Lexical Analysis

1. Lexical Analysis

1.1. Overview
1.2. Concepts Lexi Expresses

1.1. Overview

Lexical analysis is the process of categorising an input stream into tokens. Each of these categories (called lexemes) are determined by the spelling of the contents of that token. For convenience of discussion, this guide assumes that tokens are formed of characters, although this is not necessarily the case.
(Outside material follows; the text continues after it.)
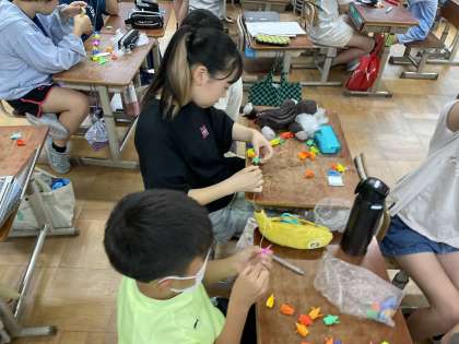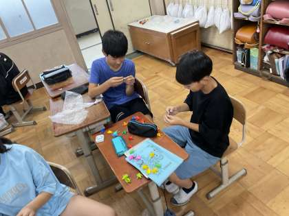 千羽鶴をまとめる作業は全員で協力しながら行いました。細かい作業が多かったですが、ひとつひとつ心を込めてまとめていきました。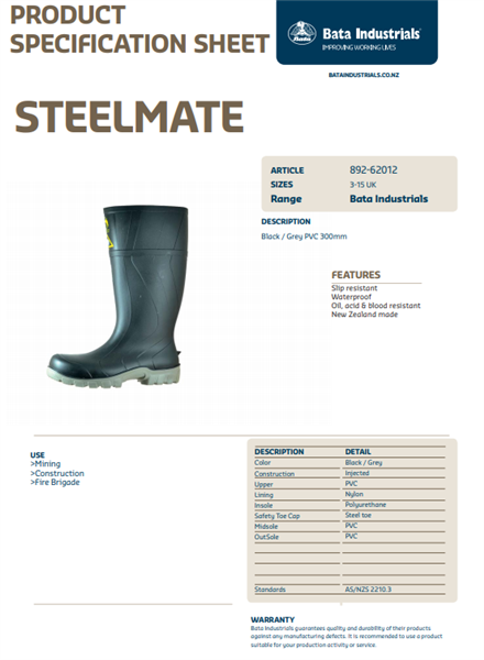 Steelmate black is an ideal boot for use in construction, farming or any industry on rough terrain in which you need to keep your feet dry- This boot features a steel toe and penetration resistant midsole

Categories of tokens are arranged such that spellings the possible sets of spellings forming each category are unambiguous. For example, commonly floating point literals are distinguishable from integer literals because they must contain a decimal point. If two different concepts must be expressed using the same (or overlapping) sets of spellings, a further stage after lexical analysis would be required to distinguish them. For example, commonly an identifier may represent either a variable or a function name, and it is the role of a parser to distinguish between them based on the ordering of the tokens.

Usually it is the responsibility of the lexical analyser to skip whitespace (and often also comments). illustrates an example of tokenisation:

Figure 1. Forming a Token Stream

In this example, the lexer skips over whitespace characters (indicated in the input text with a shaded background) and categorises the remaining characters according to their spelling. For example, a series of digits is categorised into the <literal> type. Notice that whitespace is optional; there happens to be none between the 53 and ; tokens.

The spelling of the characters which form each token is passed on, but usually ignored for punctual tokens such as statement separators and assignment operators. It is more relevant for the spelling to be known for identifiers, literals and other non-punctual tokens.

The traditional use for a lexer is to feed this stream of categorised tokens to a parser; lexers are unaware of the order of tokens, since they are concerned with categorisation only. The process of parsing then asserts that these tokens are in an order permitted by the given grammar. Usually storing the spellings associated with each tokens is a side-effect of the parse, resulting in a symbol table or equivalent (this depends on the purpose of the parser). Parsing is beyond the scope of this document, and will not be discussed here - see the SID Users' Guide for details.

For simple uses, a parser may not be required at all.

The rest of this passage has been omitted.